¿Qué es lo más absurdo del actual sistema económico?

Que cuando hemos alcanzado la mayor capacidad productiva de la historia se registren los mayores niveles de pobreza y desigualdad conocidos. Que tengamos a nuestro alcance más productos y más baratos que nunca pero a costa de perder el empleo. Que el dinero haya dejado de ser un instrumento de medida para convertirse en una mercancía en sí misma, que vive totalmente al margen de la actividad productiva. Que la economía haya perdido de vista su principal objetivo, que es el bienestar de las personas. Y que todo esto, además, lleve al sistema al colapso. Estamos al final de la escapada.

¿Y cómo se ha llegado a este punto?

Desde los años 80, las empresas se han embarcado en una carrera por la reducción de costes, desplazando la producción a los lugares donde el empleo es más barato y las regulaciones sociales y medioambientales más laxas.

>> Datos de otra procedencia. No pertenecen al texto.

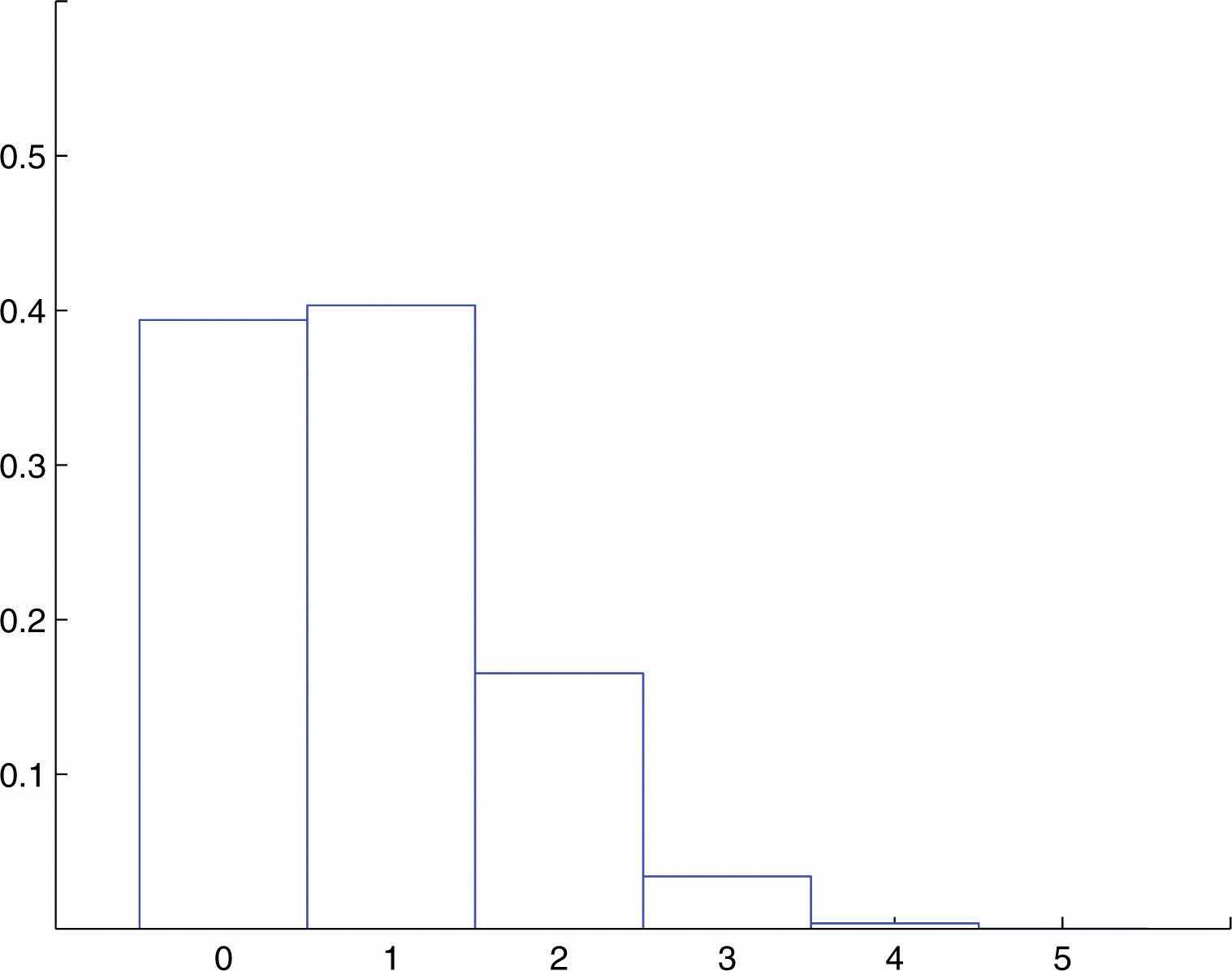 This probability distribution is represented by the histogram in Figure 4.5 "Probability Distribution of the Binomial Random Variable in ", which graphically illustrates just how improbable the events X = 4 and X = 5 are. The corresponding bar in the histogram above the number 4 is barely visible, if visible at all, and the bar above 5 is far too short to be visible.

Esa es la lógica del capitalismo.

Sí, pero ahora se ha llevado el espíritu del lucro hasta el paroxismo. Y durante el mismo periodo, la economía se ha impuesto a la política. Nos han convencido de que las decisiones económicas son técnicas, no ideológicas. De que vivimos en el único mundo posible, donde no gobiernan las ideologías, sino el sentido común. De que el libre comercio es bueno y el intervencionismo, malo. Y que hay que desregular la economía porque el mercado es el mejor mecanismo de asignación de recursos. Y nada de eso es cierto.

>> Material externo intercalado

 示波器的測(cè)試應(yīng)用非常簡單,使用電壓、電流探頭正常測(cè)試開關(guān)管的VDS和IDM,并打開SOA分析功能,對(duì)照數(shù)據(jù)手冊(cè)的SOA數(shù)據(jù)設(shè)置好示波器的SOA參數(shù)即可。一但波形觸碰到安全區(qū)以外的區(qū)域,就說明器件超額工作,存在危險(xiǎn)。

Por tanto, hay que sustituir al mercado como centro de la toma de decisiones.

El dios mercado no tiene valores morales, no hace prevalecer el bien común. Necesita reglas: hace falta una intervención estatal. La fiscalidad es un gran mecanismo de redistribución de la riqueza. A unos determinados niveles, el mercado puede ser un buen sistema, pero los objetivos los tienen que marcar las personas. Pequeñas dosis de desigualdad pueden resultar estimulantes para la actividad económica, pero la desigualdad a gran escala destroza las sociedades. El mundo académico asegura que el mercado nunca se equivoca, pero la realidad es que el acceso al mismo es desigual, la información es asimétrica, los consumidores nunca tendremos la suficiente: el mercado no es una institución democrática. Así que tiene que haber un control. Los poderes públicos deben garantizar el predominio del interés colectivo sobre el individual.

¿Hay que volver al proteccionismo económico? ¿Los subsidios a la agricultura de la UE serían un ejemplo a seguir?

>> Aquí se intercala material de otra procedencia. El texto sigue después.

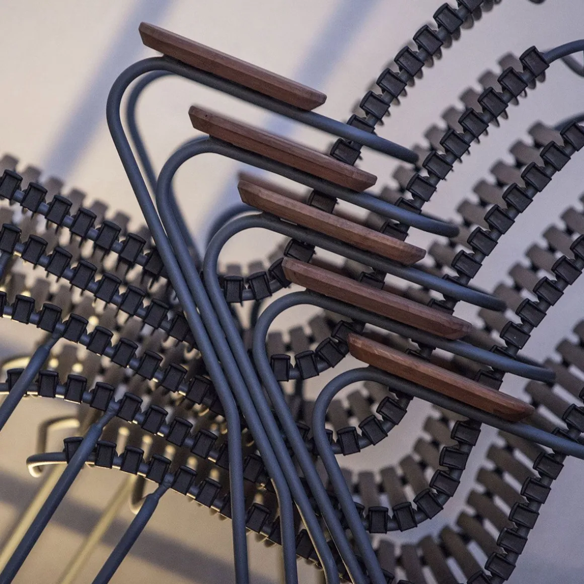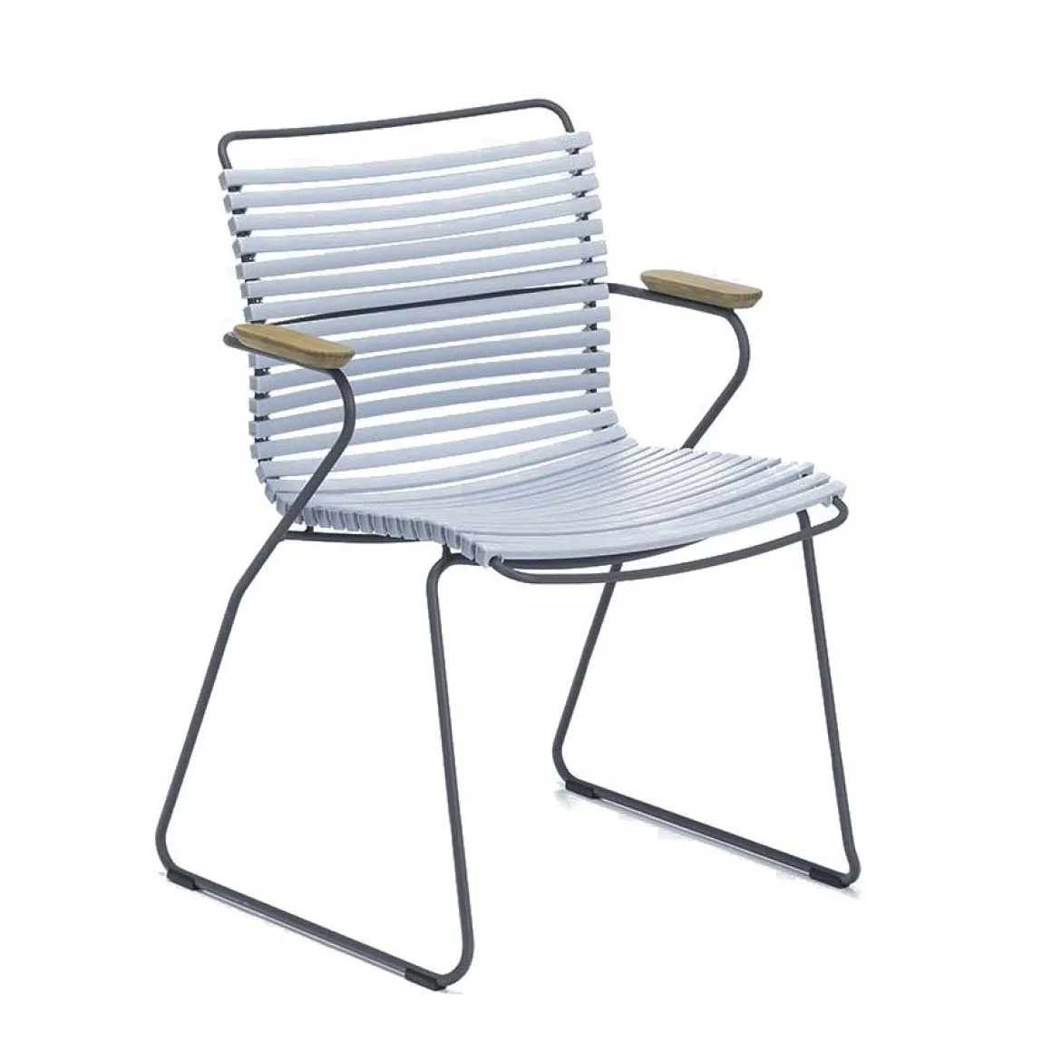 Click est une chaise simple, honnête et ergonomique. Sa répétition autour d’une table rend la scène magnifique, et, parce que les lamelles peuvent être remplacées, vous pouvez mélanger et changer les couleurs aussi souvent que vous le souhaitez.

Hay que descriminalizar la idea de un cierto nivel de proteccionismo. Los barcos necesitan disponer de compartimentos estancos para evitar que la carga se desplace y acabe haciéndolos volcar. Movemos de acá para allá cosas que ya tenemos solamente porque son más baratas, no porque aquí no se hagan, o no se puedan hacer. Los subsidios agrarios son una fórmula de proteccionismo, aunque lo mejor es no llegar a subsidiar.

Al final, ¿la clave del problema es la globalización?

Me niego a criminalizar el concepto de globalización. Que todo el mundo esté interconectado es bueno. El problema es que sólo se ha interconectado a nivel comercial y financiero. La globalización de la tecnología y el conocimiento también ha aportado beneficios: ha llevado internet a África. Y una globalización de la democracia, de los valores e ideas, sería muy positiva.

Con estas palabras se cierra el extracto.